Block of A1 astrocyte conversion by microglia is neuroprotective in models of Parkinson’s disease

Abstract

Activation of microglia by classical inflammatory mediators can convert astrocytes into a neurotoxic A1 phenotype in a variety of neurological diseases1,2. Development of agents that could inhibit the formation of A1 reactive astrocytes could be used to treat these diseases for which there are no disease-modifying therapies. Glucagon-like peptide-1 receptor (GLP1R) agonists have been indicated as potential neuroprotective agents for neurologic disorders such as Alzheimer’s disease and Parkinson’s disease3,4,5,6,7,8,9,10,11,12,13. The mechanisms by which GLP1R agonists are neuroprotective are not known.
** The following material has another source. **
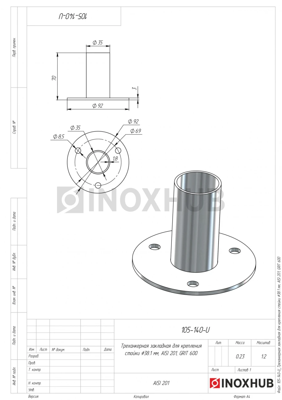Треханкерная закладная для крепления стойки Ø38.1 мм, AISI 201, GRIT 600

Here we show that a potent, brain-penetrant long-acting GLP1R agonist, NLY01, protects against the loss of dopaminergic neurons and behavioral deficits in the α-synuclein preformed fibril (α-syn PFF) mouse model of sporadic Parkinson’s disease14,15. NLY01 also prolongs the life and reduces the behavioral deficits and neuropathological abnormalities in the human A53T α-synuclein (hA53T) transgenic mouse model of α-synucleinopathy-induced neurodegeneration16. We found that NLY01 is a potent GLP1R agonist with favorable properties that is neuroprotective through the direct prevention of microglial-mediated conversion of astrocytes to an A1 neurotoxic phenotype. In light of its favorable properties, NLY01 should be evaluated in the treatment of Parkinson’s disease and related neurologic disorders characterized by microglial activation.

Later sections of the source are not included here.